Trying to put from her mind the thought of the parents whose child’s death had deprived them of any reason to pull their own lives together, Gemma restraightened the papers Sheila Larkin had shoved aside. Lifting the top page of the stack, she saw that it was part of Annie Constantine’s report on the Wain case. Gemma had read the narrative earlier, remarking on the clarity of the writing, and Constantine’s obvious compassion. She wished she had met her. Even after her years on the job, the finality of death never failed to jar her; the human mind was so geared to think in the future tense, about opportunities yet to come. But there would be no tomorrows for Annie Constantine, and Gemma felt a personal pang of loss.
Now she glanced through the narrative idly, half listening to Kincaid and Rasansky’s conversation, half worrying about the latest development with Caspar Newcombe and Kincaid’s reaction to it.
Then a sentence caught her eye. She stopped, rereading, feeling a frisson of shock travel up her spine. Closing her eyes, she brought back the image of the little girl, fishing under her large black umbrella.
It couldn’t be. And yet— Once more she read the descriptions of the Wains’ children, so carefully noted by Annie Constantine, and she knew that she was not mistaken.
The little girl she had met was not Marie Wain.
Chapter Twenty- four
As soon as Gemma said they had to pick up the children, he knew that it was an excuse. He stared at her, questioning, but she just gave a slight shake of her head.
Frustration gripped him. He didn’t want to leave until he’d talked to Babcock himself, found out what he’d managed to get out of Piers Dutton. At least so far it didn’t sound as if Dutton had implicated Caspar in the fraud scheme, but if Caspar was involved . . . It would mean disaster for Juliet, and it would be his fault.
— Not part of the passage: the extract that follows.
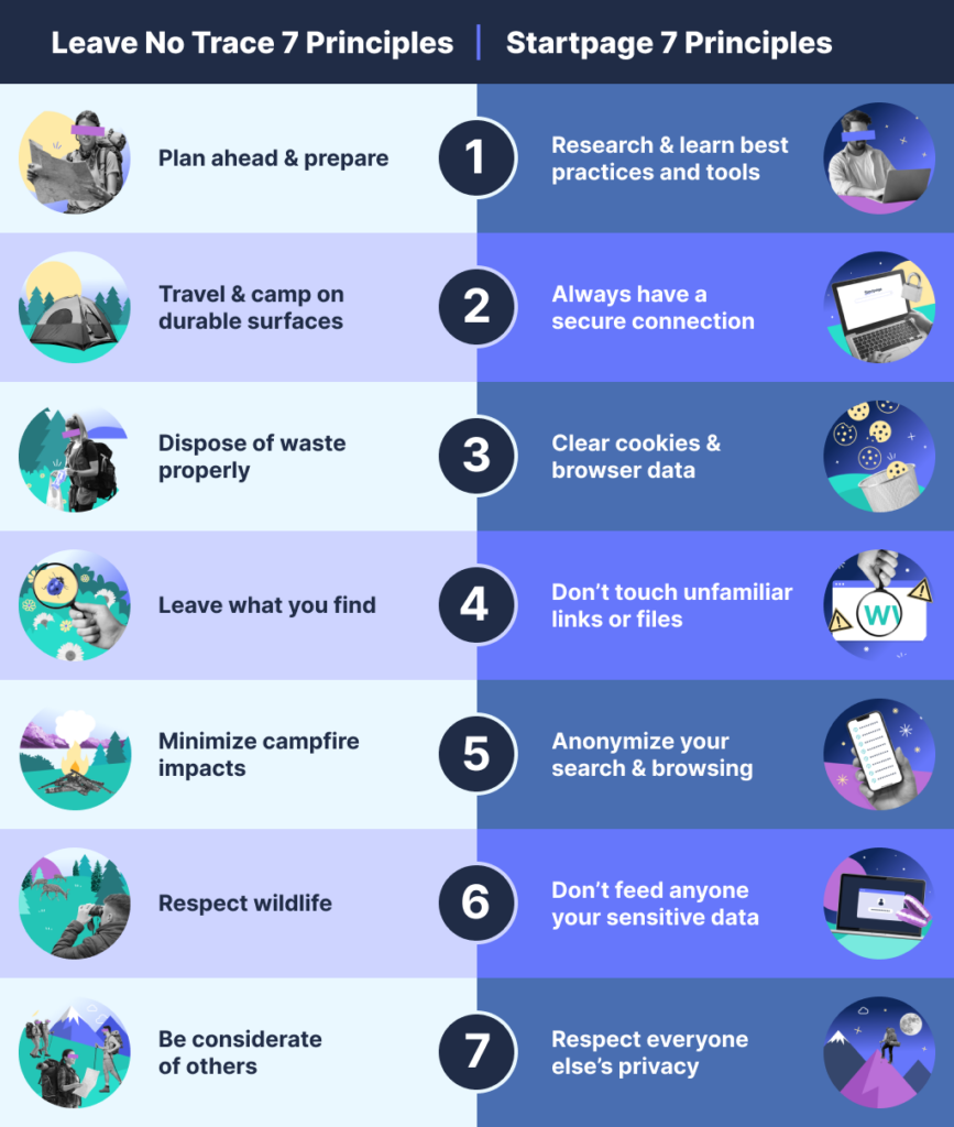 For years, Leave No Trace has been pioneering research, conservation, and education efforts to ensure that our parks, preserves, and other natural wonders are preserved for generations to come. Central to Leave No Trace’s advocacy and education are their 7 Principles, which empower would-be explorers with accessible and actionable best practices to ensure that their outdoor adventures don’t create negative impacts on the environment. And after learning about these 7 Principles ourselves, we here at Startpage felt inspired to do something similar and create our own 7 Principles that help online explorers ensure that their adventures leave no digital trace:

And if Dutton was cleared of Annie Lebow’s murder, had he brought it about needlessly? Not that Dutton didn’t deserve a good prison term for the scams he’d pulled on his clients, but was it worth the damage to Juliet? Perhaps his sister had been right all along—he was a self-righteous bastard, concerned only with being seen to do the right thing. The fact that Caspar Newcombe was a fool didn’t make it any better.